JVM_OPTS="$JVM_OPTS -Djavax.net.debug=ssl"

I can connect to from one node to all the others on the encrypted messaging port 7001 using nc, so there's no firewall issue.

ubuntu@ip-5-6-7-8:~$ nc -v 1.2.3.4 7001
Connection to 1.2.3.4 7001 port [tcp/afs3-callback] succeeded!

I can connect to each node locally using cqlsh (I haven't enabled client-server encryption) and can query the system keyspace, etc.

However, if I run nodetool status I see that the nodes cannot see each other. Only the node that I'm querying the cluster on is present in the list. This was not the case before internode encryption was enabled, they could all see each other just fine then.

ubuntu@ip-5-6-7-8:~$ nodetool status
Datacenter: us-east_A
=====================
Status=Up/Down
|/ State=Normal/Leaving/Joining/Moving
--  Address        Load       Tokens       Owns    Host ID                               Rack
UN  1.2.3.4        144.75 KB  256          ?       992ae1bc-77e4-4ab1-a18f-4db62bb0ce6f  1b

My process was this:

  • Created a certificate authority for my cluster
  • Created a keystore and truststore for each node and added my CA certificate chain to both
  • Generated a key pair and CSR for each node, signed it with my CA, and added the resulting certificate to each node's keystore
  • Updated each node's configuration as reads below
  • Restarted all nodes

The server encryption configuration I'm using is this, with the appropriate values in the $variables.

server_encryption_options:
    internode_encryption: all
    keystore: $keystore_path
    keystore_password: $keystore_passwd
    truststore: $truststore_path
    truststore_password: $truststore_passwd
    require_client_auth: true
    protocol: TLS
    algorithm: SunX509
    store_type: JKS
    cipher_suites: [TLS_RSA_WITH_AES_128_CBC_SHA,TLS_RSA_WITH_AES_256_CBC_SHA,TLS_DHE_RSA_WITH_AES_128_CBC_SHA,TLS_DHE_RSA_WITH_AES_256_CBC_SHA,TLS_ECDHE_RSA_WITH_AES_128_CBC_SHA,TLS_ECDHE_RSA_WITH_AES_256_CBC_SHA]

If anybody could offer some insight or a direction to look in it would be greatly appreciated.

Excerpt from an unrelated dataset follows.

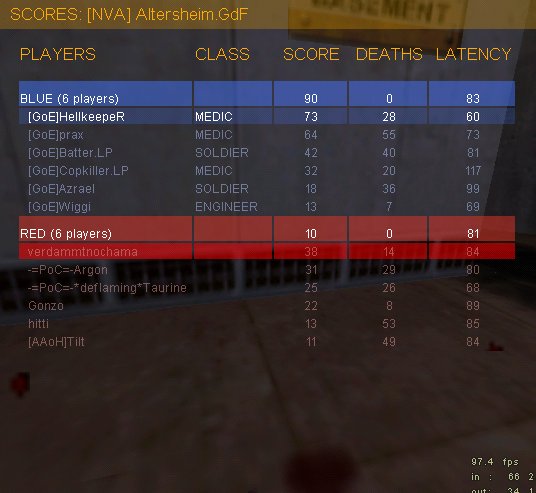 Da der Server doch argh laggte, wechselten wir den Kampfplatz. Allerdings hatte der neue Server dann kein bases_r2 mehr, so dass wir uns mit ner Runde 2fort begüngten, die ich hier aber für nicht weiter kommentierens wert halte. :)

Update: Cipher Suite Agreement

Apparently SSL debug logging prints to stdout, which is not logged to Cassandra's logfiles, so I didn't see that output before. Running Cassandra in the foreground I can see a ton of SSL errors tracing out, all of which complain of handshake failure, because:

javax.net.ssl.SSLHandshakeException: no cipher suites in common

In an attempt to solve this problem I have switched to the Oracle JRE (I was being lazy and using OpenJDK before) and installed the JCE unlimited strength cryptography policy files to ensure all possible ciphers would be supported.

It didn't fix anything.

This is especially confusing given that all these nodes are exactly identical: hardware, OS vendor and version, Java vendor and version, Cassandra version, and configuration file. I cannot imagine why they cannot agree on a cipher suite under these circumstances.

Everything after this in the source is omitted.